Insights into NMPCB: A Lightweight and Safety-Critical Motion Control Framework

In the paper titled "NMPCB: A Lightweight and Safety-Critical Motion Control Framework," the authors propose an innovative framework designed to address safety and real-time performance in robot motion control within multi-obstacle environments. The framework, termed NMPCB, integrates a neural network-based path planner and a model predictive control (MPC) controller enhanced with control barrier functions (CBF), targeting a delicate balance between computational efficiency and safety.

Key Components and Methodology

The NMPCB framework is comprised of two core components:

1. Neural Network-Based Path Planner: This component employs a lightweight neural network that serves as a predictive tool for future target points in the robot's trajectory. The network is designed with an encoder-decoder architecture. Historical path data is processed to forecast subsequent positions which are used to formulate Dubins paths, acknowledged for their optimal curvature, as reference trajectories.
2. MPC with Dual Control Barrier Function (MPC-DCBF): This controller capitalizes on a novel use of CBFs to manage obstacle avoidance constraints. The dual CBF strategy innovatively bypasses traditional computational burdens by using dual problem formulations that facilitate real-time application. The dual CBF constraints ensure that control commands allow the robot to steer clear of obstacles with heightened precision and reduced computational time.

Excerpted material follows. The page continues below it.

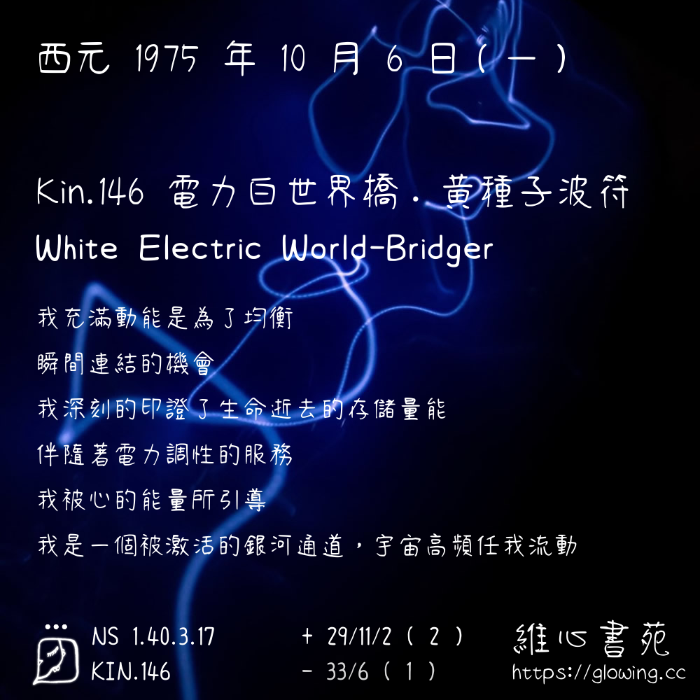 我們可以稱 KIN 146 為 【電力白世界橋】 、 【電力的白世界橋】 、 【黃種子波符 之 電力白世界橋】 也可以是 【電力白世界橋.黃種子波符】 ,你比較喜歡哪一個稱號呢?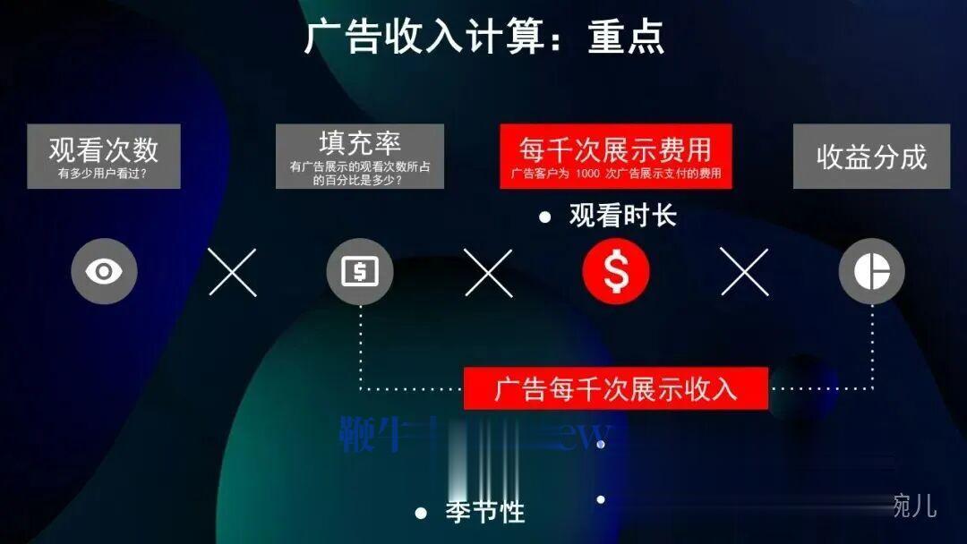 很重要的是大家观看次数以及广告填充率以及每千次展示费用和利润分成,这是一套公式。好的内容一定会吸引更多的观众观看,还有每千次展示费用和观看时长,我们发现短剧比一般的视频容易赚钱的原因是因为短剧变成合辑,用户观看时间长,除了片头广告、片中广告还可以插数字的广告。

Numerical and Experimental Validation

The framework’s efficacy was validated through a blend of numerical simulations and real-world experimental deployments. Comparison across different algorithm setups, such as Dubins Curves paired with MPC-DCBF versus Neural Dubins Model integrated with the enhanced dual DCBF controller, demonstrated significant improvements in both trajectory planning and safety outcomes. Simulation results highlighted the robustness of NMPCB in yielding collision-free paths in complex and cluttered environments. Empirical analysis through robotic experiments further validated these findings, underscoring the framework’s adaptability in dynamic scenarios with system setups like the Ackermann steering robot platform.

Strong Numerical Results

From the experiments conducted, the NMPCB framework showed an impressive reduction in computation time while maintaining a high success rate for collision avoidance. In numerous simulated trials, the framework outperformed conventional methods, particularly in high-density obstacle scenarios. The MDD-I variant, leveraging the dual DCBF, was found to present substantial computational advantages without sacrificing trajectory optimization quality.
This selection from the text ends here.